We are learning the conservation of energy explorations. (roller coaster) Marble

Question

We are learning the conservation of energy explorations. (roller coaster) Marble diameter = .019m

Locations: Height(m), Photogate time(s)
30: 1.24, .0123

60: .25, .0130

90: .313, .0192

120: .12, .0094

I need help on finding the theoretical and actual velocities, for then which I have to find the % error of each location, but that is simple until I get the other two factors.
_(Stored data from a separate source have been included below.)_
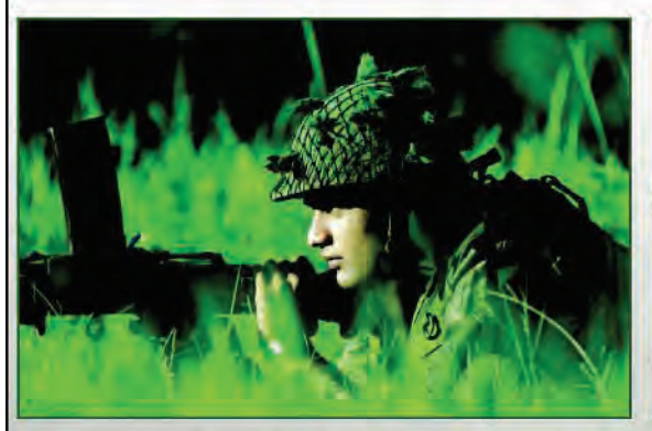
GUARDING THE INDO-MYANMAR BORDER
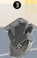
Fixed diverting pulley (ref. PF)
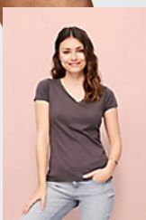
SOL'S MOON 11388

White Dark Aqua Blue Dark blue Kelly green Ash Gold Deep black Navy Grey melange Dark grey Orange Aqua Oxblood
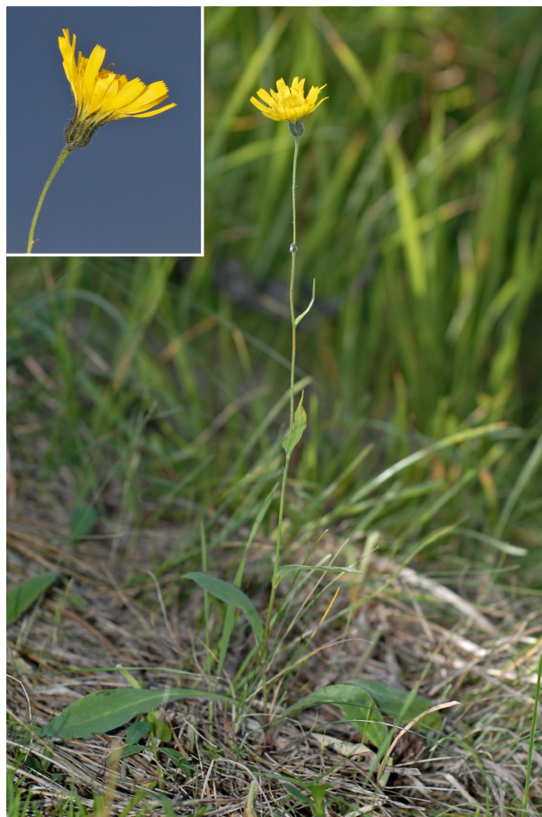
Fig. 5. Hieracium stenoglossophyllum – Serbia: Šar Planina, Ošljak, 30 Jul 2008, photographs by M. Niketić.

H. sparsum subsp. naegelianiforme O. Behr & al., from which it is distinguished by its (almost) glabrous peduncles. Š. Duraki & M. Niketić
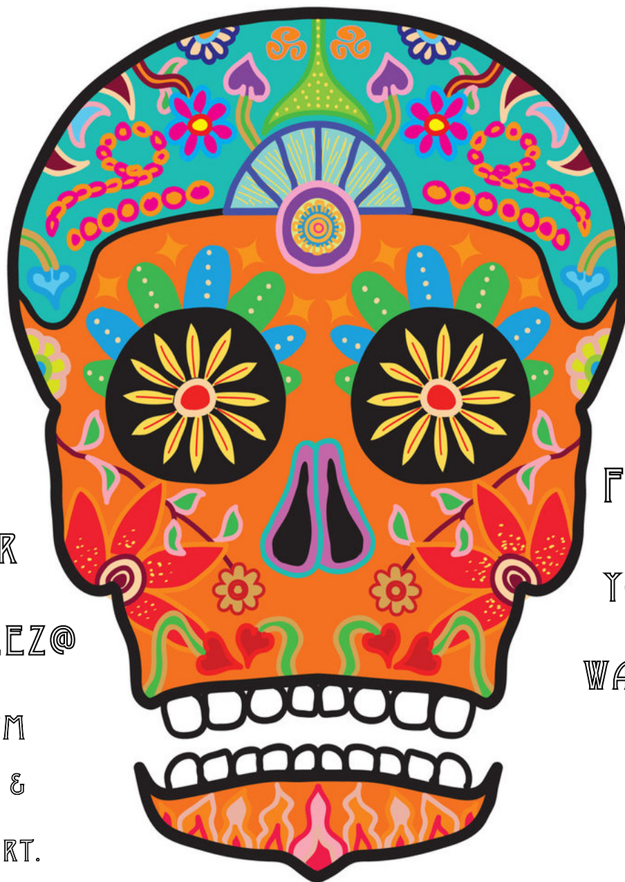
Exhibit: 10 am-5pm, Talk 2:00-3:30 pm
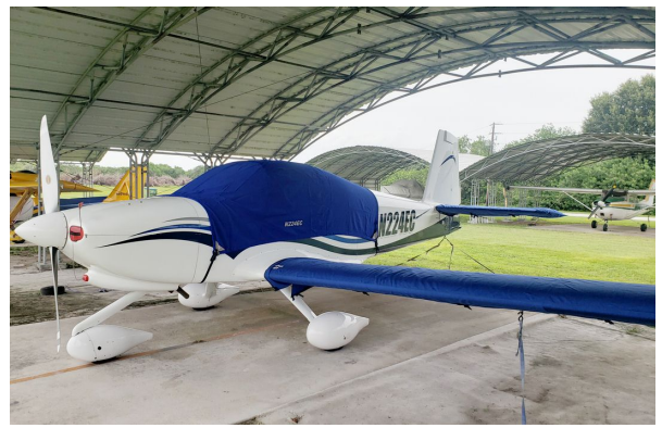
Vans's RV-10 Wing Covers

I used v = 2gh for theoretical velocity, but I'm not sure if that's correct or not! Please help, I need help with theoretical and actual velocities of the above information!

Explanation / Answer

.5mv^2 = mgh
so v = sqrt(2gh).
yes you're correct. g = 9.8m/s

Here's my lab from a year ago, i still have it: (we used a toy car instead of a marble) also read the conclusion part first- at the bottom . hope this helps!


Purpose:

What variables will effect the motion of the cart going down the ramp?
We think there are two variables that might effect the motion of the cart. These are mass and elevation. We will test this by determining the relationship between time and distance traveled for a control car, and then determining the same relationship for a heavier cart and for a higher elevation

Apparatus:
2 stands
2 photogates
Black box
Ramp
Computer with Data studio installed
Stickie note
Meter stick
3 physics textbooks
.5 kg mass
.5 kg frictionless cart



Procedure:
If not done beforehand the apparatus must be set up. After getting all the required materials, begin by placing two books on one end of the table.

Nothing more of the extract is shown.